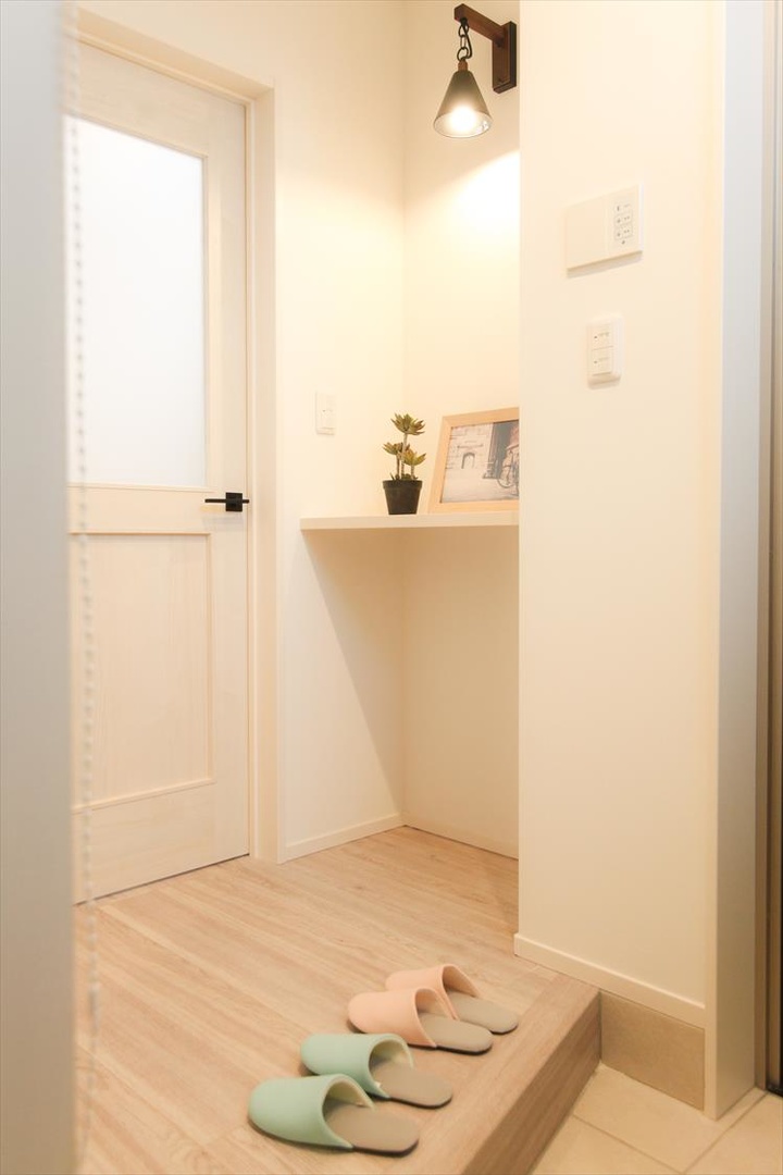 玄関に入ると動線は2つ。正面のドアを開けるとリビング、左側に曲がるとユーティリティーへ進みます。
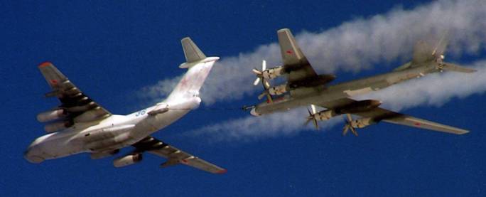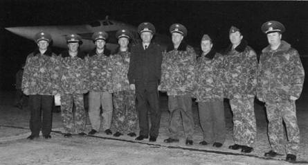 Генерал-майор А.Д. Жихарев с экипажами ракетоносцев Ту-160 после дальнего полета.
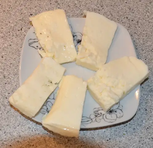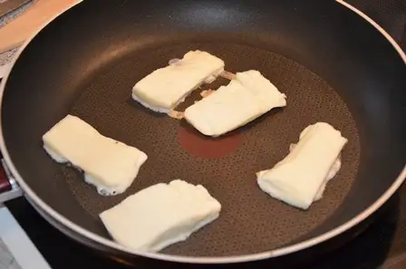 Bu aşamadan sonra kaygananın içerisine bir kısım mantarlı karışımı, uzununa, bir kaşık yardımı ile döktükten sonra üzerine tavada erittiğimiz hellim peynirleri ekliyoruz.
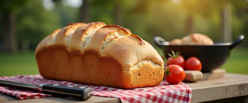 A freshly baked loaf of bread featured prominently on a picnic table, surrounded by barbecue items, with a significantly spacious background perfect for advertising purposes.
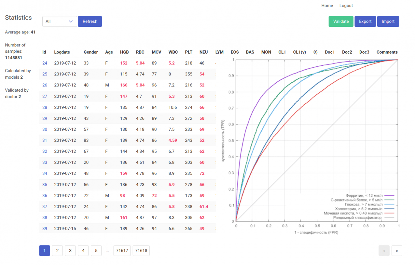Программа Универсальная Лабораторная Модель (УЛМ) позволяет строить прогностические модели на основе глубоких искусственных нейронных сетей (ИИ) и применять их для прогнозирования патологических уровней лабораторных показателей по результатам общего анализа крови (и других рутинных показателей). Например, пониженный уровень ферритина (вероятность железодефицитной анемии), повышенный уровень мочевой кислоты (вероятность подагры), повышенный уровень глюкозы (вероятность сахарного диабета) и др. Веб-сервис УЛМ выполняет прогноз по API, используя для лабораторных показателей кодировку LOINC, что даёт возможность бесшовной интеграции в существующие решения лабораторной медицины для ранней диагностики патологии.

-- -- --

**Goal of the exercise:**
Each entry above should be written out again exactly, without its pictures.

**Task result:**
 玄関に入ると動線は2つ。正面のドアを開けるとリビング、左側に曲がるとユーティリティーへ進みます。
 Генерал-майор А.Д. Жихарев с экипажами ракетоносцев Ту-160 после дальнего полета.
 Bu aşamadan sonra kaygananın içerisine bir kısım mantarlı karışımı, uzununa, bir kaşık yardımı ile döktükten sonra üzerine tavada erittiğimiz hellim peynirleri ekliyoruz.
 A freshly baked loaf of bread featured prominently on a picnic table, surrounded by barbecue items, with a significantly spacious background perfect for advertising purposes.
Программа Универсальная Лабораторная Модель (УЛМ) позволяет строить прогностические модели на основе глубоких искусственных нейронных сетей (ИИ) и применять их для прогнозирования патологических уровней лабораторных показателей по результатам общего анализа крови (и других рутинных показателей). Например, пониженный уровень ферритина (вероятность железодефицитной анемии), повышенный уровень мочевой кислоты (вероятность подагры), повышенный уровень глюкозы (вероятность сахарного диабета) и др. Веб-сервис УЛМ выполняет прогноз по API, используя для лабораторных показателей кодировку LOINC, что даёт возможность бесшовной интеграции в существующие решения лабораторной медицины для ранней диагностики патологии.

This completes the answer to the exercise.